We should never underestimate
the importance of kindness.
It can literally be a
life-saver, because kindness says “you matter to me” and if we know we
matter to someone, and especially to God, we’re encouraged to believe we might
matter to ourselves too.
It’s not just the cake, the
water and the sleep that give Elijah hope, of course. It’s also the message the
angel gives him the second time he comes to him. “Get up and eat, otherwise
the journey will be too much for you.”
What journey is this?
As far as Elijah was
concerned his journey was over. His life was over, dragging to a sorry close
out here in the desert. But God tells him that there is a new journey ahead of
him, another chapter to his story, purpose for his life.
We looked at this episode a
few weeks ago in our Good Book Club Bible study, and we found ourselves
wondering what the cake and the water might have been for us as we have slogged
on through this pandemic, how we have found the rest we needed, who the angels
were for us. It was important, we decided, to notice these things, because just
like Elijah, our journey isn’t over yet, and we need to have our eyes open to
the food God sends to strengthen us.
The people who encountered
Jesus during his ministry were reminded often of stories like this one of
Elijah, stories of God’s provision for people when all seemed lost.
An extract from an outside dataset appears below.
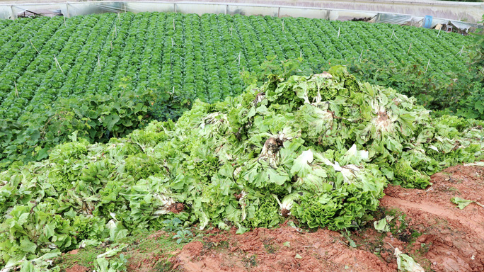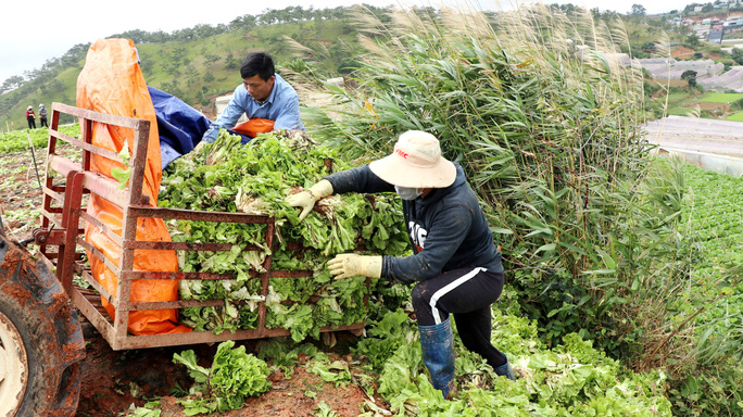 Theo ghi nhận, cánh đồng trồng rau xà lách caron của bà Nguyễn Thị Thanh Ngà (phường 8, TP.Đà Lạt) phải thuê người nhổ bỏ hàng chục tấn rau rồi cho máy cày chở đổ bỏ.

They saw
the same loving care in him, and sometimes the same miraculous gift of food and
drink. Today’s Gospel passage follows on from the miracle of the feeding of the
5000. Many of those who ate the bread and fishes Jesus gave them probably
didn’t realise where all that food had unexpectedly come from; they just
rejoiced that they were full up for once. But some, says Jesus, realised that he
wasn’t just offering bread for a day, but living bread that could feed them for
eternity, his own life, his own self. Their eyes had been opened by this
miracle to the presence of God, his grace - unmerited, unearned love – which
would take them through whatever life threw at them, whether it was triumph or
disaster.
The same offer is open to us
as God comes to us, day by day, in his word, in prayer, in the loving kindness
we receive from others, and give to them too. If we have eyes to see him, we
can discover his goodness, nourishing us and giving us hope that will sustain
us eternally, with plenty to share with others too.